In Uncategorized on 11/23/2022 at 15:49

I’ve probably discomposed as many electrons on the differences between discovery in United States Tax Court and discovery in the Article III courts with which most of my readers are familiar than on any other topic. And nowhere is the difference so great as in nonconsensual depositions. Rule 74(c) sets a very high bar for one seeking same.

Today, in Lakepont Land II, LLC, Lakepoint Land Group, LLC,  Tax Matters Partner, Docket No. 13925-17, filed 11/23/22, Judge Christian N. (“Speedy”) Weiler provides another vestpocket guide to the perplexed. Lakepoint wants to depose a couple IRS employees (hi, Judge Holmes) about whether they were offside on the Section 6751(b) Boss Hoss signoff. IRS wants summary J, Lakepoint wants obviously to stir up some questions of fact.

“Nonconsensual depositions are an extraordinary method of discovery that can only be taken pursuant to an order from our Court. These depositions are available only where a party or nonparty witness can give testimony that is discoverable within the meaning of Rule 70(b) and where such testimony practicably cannot be obtained through informal consultation or communication under Rule 70(a)(1), interrogatories under Rule 71, requests for production of documents under Rule 72, or consensual depositions under Rule 74(b). The decision to require an individual to submit to a nonconsensual discovery deposition is a matter that is solely within the discretion of the presiding judge. In addition to the essential criteria that the moving party must show under Rule 74(c), the Court weighs various factors to determine whether a particular case warrants an extraordinary discovery method. Order at pp. 2-3. (Citation omitted).

The factors are whether the movant has established a specific and compelling basis for the deposition; whether the movant intends the deposition to serve as more than a substitute for cross-examination at trial; and whether the movant has had prior opportunities to obtain the desired information or could obtain it through other means or from another source.

Judge Speedy Weiler seems to think that Lakepoint hasn’t tried every other door; Taishoff thinks that maybe IRS has been stonewalling a wee bit.

Judge Speedy Weiler says this is an attempt to substitute the depositions for cross-examination on the trial.
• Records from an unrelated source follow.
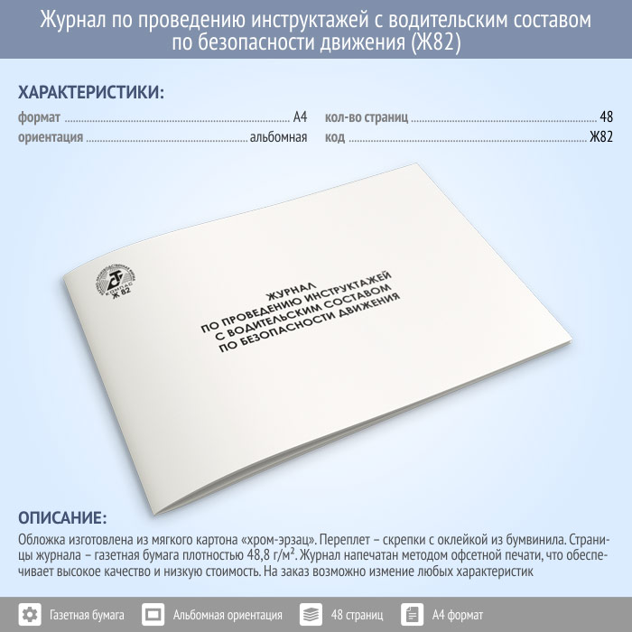 Журнал по проведению инструктажей с водительским составом по безопасности движения (48 стр., Ж82) в Омске купить
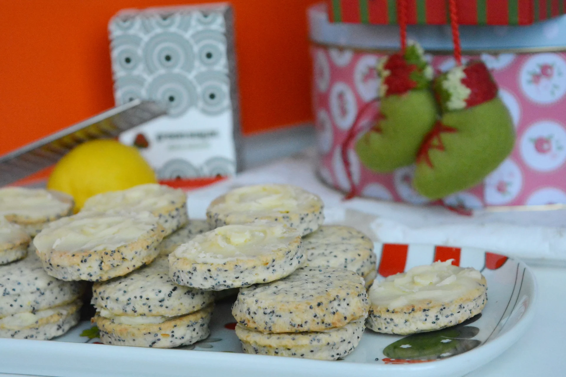 Cookies with poppy seeds and lemon cream with white chocolate and mascarpone
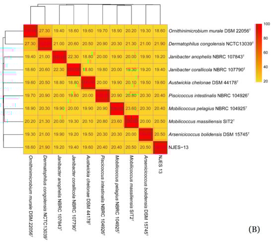 - Collins, M.D.; Routh, J.; Saraswathy, A.; Lawson, P.A.; Schumann, P.; Welinder-Olsson, C.; Falsen, E. Arsenicicoccus bolidensis gen. nov., sp. nov., a novel actinomycete isolated from contaminated lake sediment. Int. J. Syst. Evol. Microbiol. 2004, 54, 605–608. [Google Scholar] [CrossRef][Green Version]
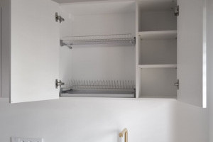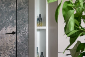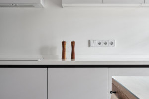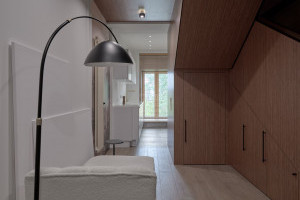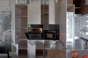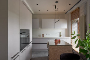 The interior is built on classic design principles, but presented in a fresh and modern way. White walls with carefully placed moldings serve as the backdrop for all the design elements, enhancing the feeling of spaciousness. This light base allowed accents to shine: decorative wall panels add a lively touch, while wood grain finishes lend warmth and texture. The designer strived to maintain a balance in the kitchen-dining room — classic restraint meets vibrant details, creating a dynamic and inviting space.
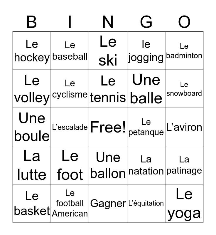 This bingo card has a free space and 24 words: Le foot, Le football American, Le tennis, Le basket, Le badminton, Le hockey, Le volley, Le baseball, Le petanque, Une ballon, Une balle, Une boule, La natation, La patinage, Le cyclisme, L’équitation, L’aviron, Le ski, Le snowboard, L’escalade, Le yoga, La lutte, le jogging and Gagner.
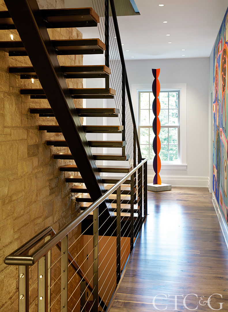 Kusine (Orange/Navy), a sculpture by Nicole Wermers, complements a custom iron stair and rail by Rolando Kraeher.
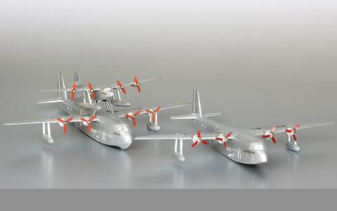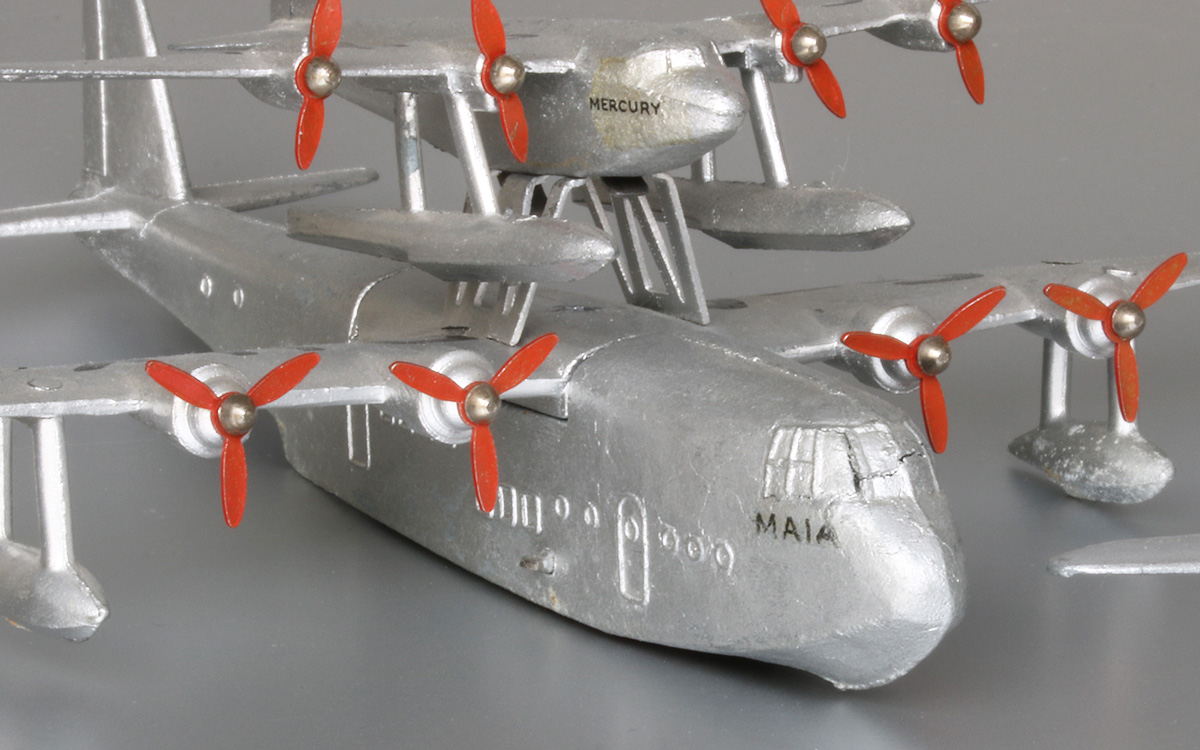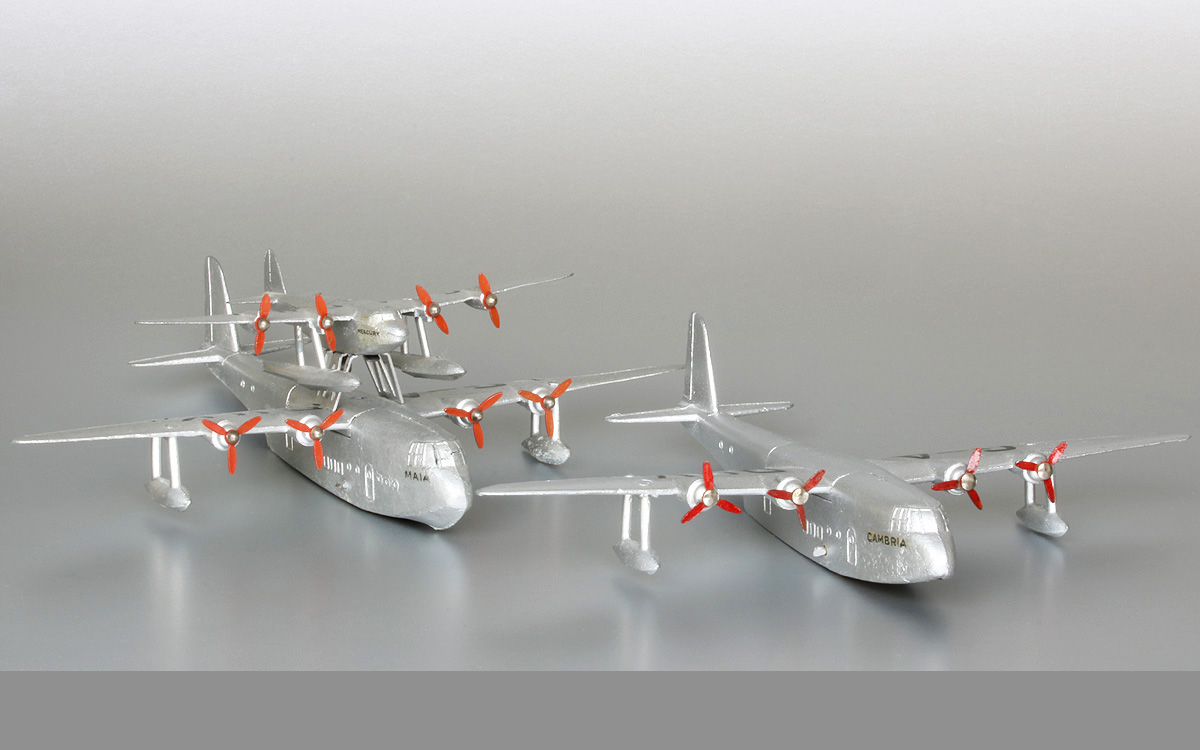 The pre-war no. 60r Empire Flying Boat came in numerous name and registration number liveries, until 1940 with gliding hole on top and with plastic or, later, wooden rollers. Post-war only three version returned: Caledonia G-ADHM, Cambria G-ADUV and an unnamed G-ADVB.

Taishoff says if IRS gets summary J on the chops, what’s to try?

Depositions, consensual or not, are SOP in most courts. Yes, I know Our Fair State’s Civil Practice Law & Rules Section 408; a former associate in a firm in which I was a partner got gigged for hitting this speedbump in a special proceeding. But that’s strictly a one-off.

I know the rationale for Rule 74(c): depositions are expensive, the overwhelming number of Tax Court petitioners are self-represented, and most of their cases are indocumentados. And the defier-protesters would use depositions only to harass IRS personnel.

But the one-size-fits-all approach doesn’t fit all. Big ticket cases with heavy-duty counsel for both sides should follow FRCP 30.